Microsoft makes this super easy, and @scottalanmiller has posted about this once back in 2017.
First, as always when I write something, start with the minimal install. In this case, of CentOS 7, as Microsoft only supports the LTS model of operating systems. Their listed Ubuntu version is old. Also, you all know how much I love Ubuntu.
Second, make sure your system is fully up to date.
yum update -y
Note: You do not need the EPEL.
Now you are ready to go.
Go get the SQL Server repository from Microsoft.
sudo curl -o /etc/yum.repos.d/mssql-server.repo https://packages.microsoft.com/config/rhel/7/mssql-server-2017.repo

Install SQL Server with yum
sudo yum install -y mssql-server



Then as instructed run the setup wizard.
sudo /opt/mssql/bin/mssql-conf setup
You will be prompted to choose your version.
Choose the version you want.

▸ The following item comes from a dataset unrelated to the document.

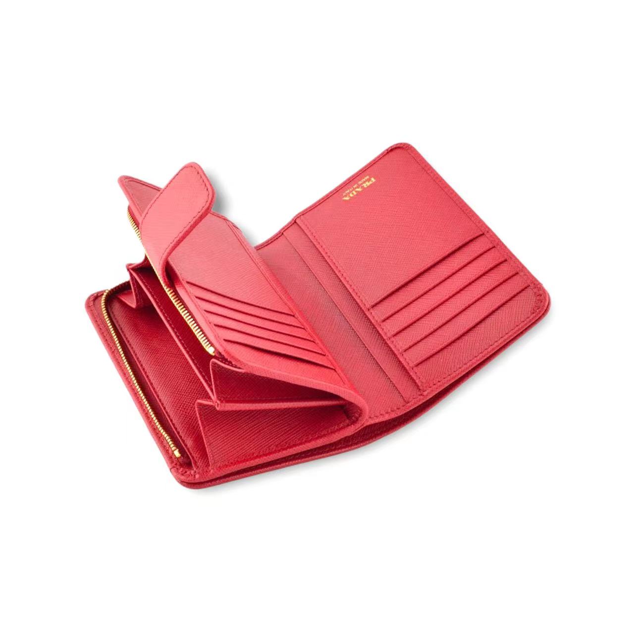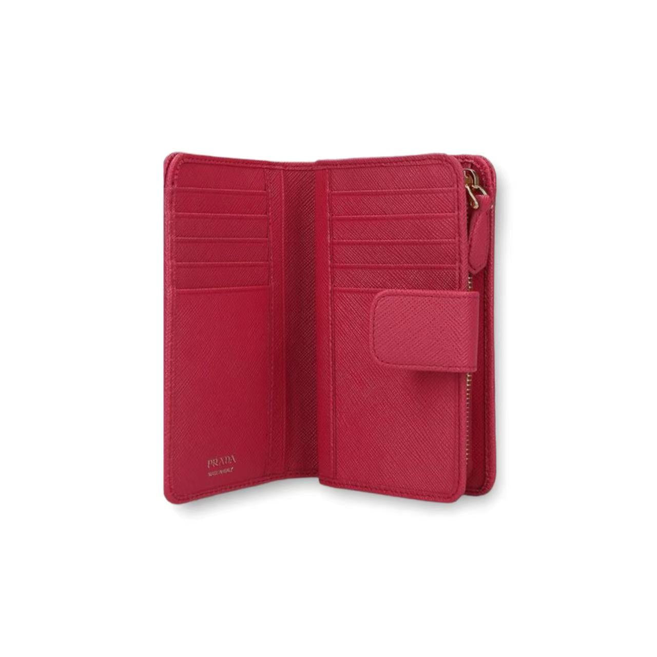 ダークピンクのサフィアーノレザーを使用したプラダのコンパクトウォレット。ゴールドトーンの金具とスナップボタン留めが特徴です。布張りの内側には札入れ、スリップポケット3つ、カードスロット10個を備えています。ジップ付きコインポケット1つと、前面にあしらわれたメタルレタリングロゴがデザインを彩ります。

For this guide we are selecting 3) Express.

You will then have to agree to the license terms.

Now enter the sa user password you want for SQL Server
The sa account is equivalent to the root account in MariaDB/MySQL

You should see it was successfully completed.
That's it, you are up and running.

While you may be up and running now, you will also need to do a few more things to make it useful.
Allow inbound connections through the firewall to the server if needed.
In my case, I will have a remote server talking to this and I use Azure Data Studio form a Linux Desktop to access this.
sudo firewall-cmd --zone=public --add-port=1433/tcp --permanent
sudo firewall-cmd --reload

Add the Microsoft command line tools so you can locally manage the instance.
This is a separate repository file from SQL Server itself.
sudo curl -o /etc/yum.repos.d/msprod.repo https://packages.microsoft.com/config/rhel/7/prod.repo

Install the tools.
sudo yum install -y mssql-tools unixODBC-devel

There are again license agreements to be agreed to.

If you want to use the tools without typing the full bath, add them to your path.
echo 'export PATH="$PATH:/opt/mssql-tools/bin"' >> ~/.bash_profile
echo 'export PATH="$PATH:/opt/mssql-tools/bin"' >> ~/.bashrc
source ~/.bashrc
You now have access to sqlcmd

You can connect to the local instance like this. You will be prompted for your password.
sqlcmd -U sa

You can pass the password with the -P parameter.
sqlcmd -U sa -P 'YourSuperSecretPassword'
Note the single quotes. I always use them to ensure even if you have a special character, that the password is accepted when passed this way.